Aldo sat on the sidelines, while his identical twin enjoyed racing success. He watched Mario become the Indianapolis 500 Rookie of the Year, then a multiple pole-winner, and then an Indianapolis 500 champion; along with winning the Daytona 500 and the Formula One World Championship. Aldo did get to see his son, John Andretti, become an IndyCar race winner and enjoy moderate success in IndyCar, NASCAR and NHRA. Aldo also had to watch his son die of colon cancer almost a year ago, after a courageous three-year battle.

It would have been understandable for Aldo to be bitter for missing out on the success his twin-brother enjoyed. But he was never bitter about living in the shadow of his more famous sibling. He drew the short straw many more times than Mario, but he never complained or sulked. Instead, Aldo basked in the success of Mario and never exclaimed that it should have been him.
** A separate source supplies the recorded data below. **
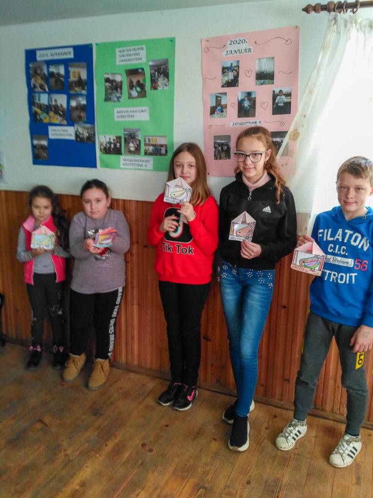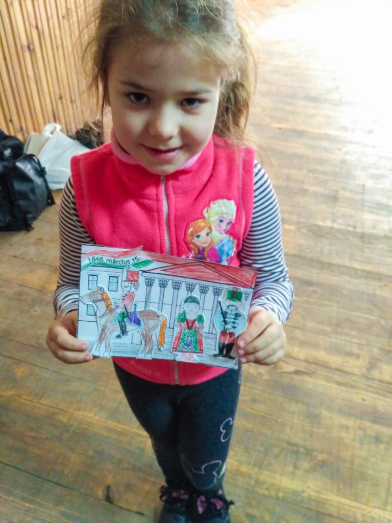 Ezt követően a téli madáretetés fontosságáról beszéltünk, és mindenki elkészítette az etetőn csipegető szép, színes madarát. Majd elsősorban március 15-éhez kapcsolódó tevékenységekkel töltöttük az időt:
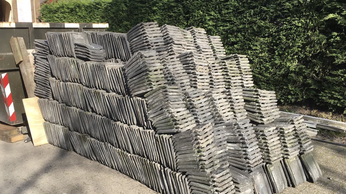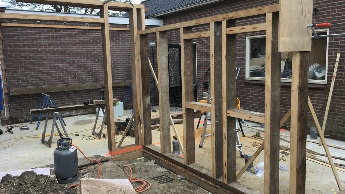 Ruim 100 oude balken uit een varkensschuur gebruikten we om skeletwanden te bouwen. De schuur werd gesloopt. En de houten balken mochten we gratis meenemen.
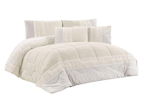 - مجموعة متكاملة: تشمل لحاف سرير مع أغطية وسائد متناسقة لمظهر أنيق ومتناغم
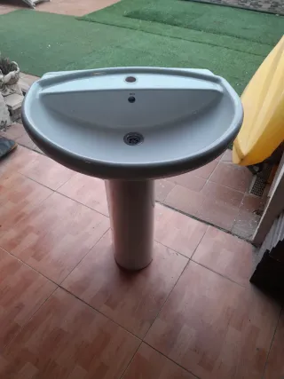 Lavabo de cerámica blanco con pedestal. - Diseño moderno y elegante. En buen estado . Marca roca
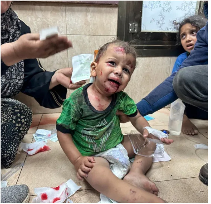 Beaucoup de femmes et d'enfants blessés ont été transportés à l'hôpital al-Aqsa dans des charrettes tirées par des animaux & des véhicules de particuliers, en raison de la situation désastreuse du système de santé.

As we start the new year with hope and optimism and look forward to the 2021 IndyCar season being a lot more normal; please remember the families of John Paul, Jr. and Aldo Andretti.

George Phillips

9 Responses to “Good News & Sad News to Start Off 2021”

  1. May I add a mention of the passing of Oscar Koveleski, founder of Auto World a company selling auto racing related slot cars , modeling kits etc. as a kid the catalog was the wish book . Koveleski was a participant in the Can Am and ran in the Cannonball Sea to Shining Sea event. The end of 2020 brought more sadness to the racing community.

  2. Great news about the surgery. It was a rough end of the year for racing fans.

  3. John Carr Says:

    Congrats on your wonderful Christmas news and present.

    I’m a senior so I remember John Paul Jr. Thanks for sharing his and his families story.

    My condolences to the Paul and Andretti families.

  4. billytheskink Says:

    Very happy to hear your and Susan’s Christmas news!

  5. I think everyone who follows your blog is hoping and praying for more good news about Susan. There are very few people I know who have attacked her disease with the positivity and courage she has.

    As to racing, I think this past year, while having a few high points, has been one we would rather forget. Hopefully, we will return to some sense of normalcy, at least by the time May rolls around.

    You know as I do how badly Mr. Penske wanted fans for the 500. It had to have been a tremendous business loss for the series’ premier event to take, but they soldiered on and brought it to fruition, albeit 3 months late.

    Every year there are a few losses; fortunately, more of those losses are conventional in nature, thanks in large part to the advancements made in safety and technology. That doesn’t make those losses hurt any less, but as someone once said, “There are old race drivers and there are bold race drivers. But there are no old, bold race drivers,” is not as true today.

    Maybe the biggest “loss” of 2020 is the retirement of Donald Davidson. I recall his introduction on the IMS radio network and how he amazed Sid Collins.

    Those of us who were regular listeners to “The Talk of Gasoline Alley” recognize that Donald was a man who was obsessed (in a good way) with Indy Car racing and its history.

    • James T Suel Says:

      John Paul Jr and Aldo Andretti are both examples of great potential, that never came to be. Condolences to both families. Its really been a tuff couple of years for the Andretti family with Mario’s wife Deann and John and now Aldo.

  6. James T Suel Says:

    Great news for you and Susan. All the best!!

  7. Continued prayers and blessings for Susan! 🙏 You guys have had a tough year as well!! Hope to see both of you at Indy!! 👍

  8. What wonderful news about Susan’s surgery in Feb. It is indeed a blessing.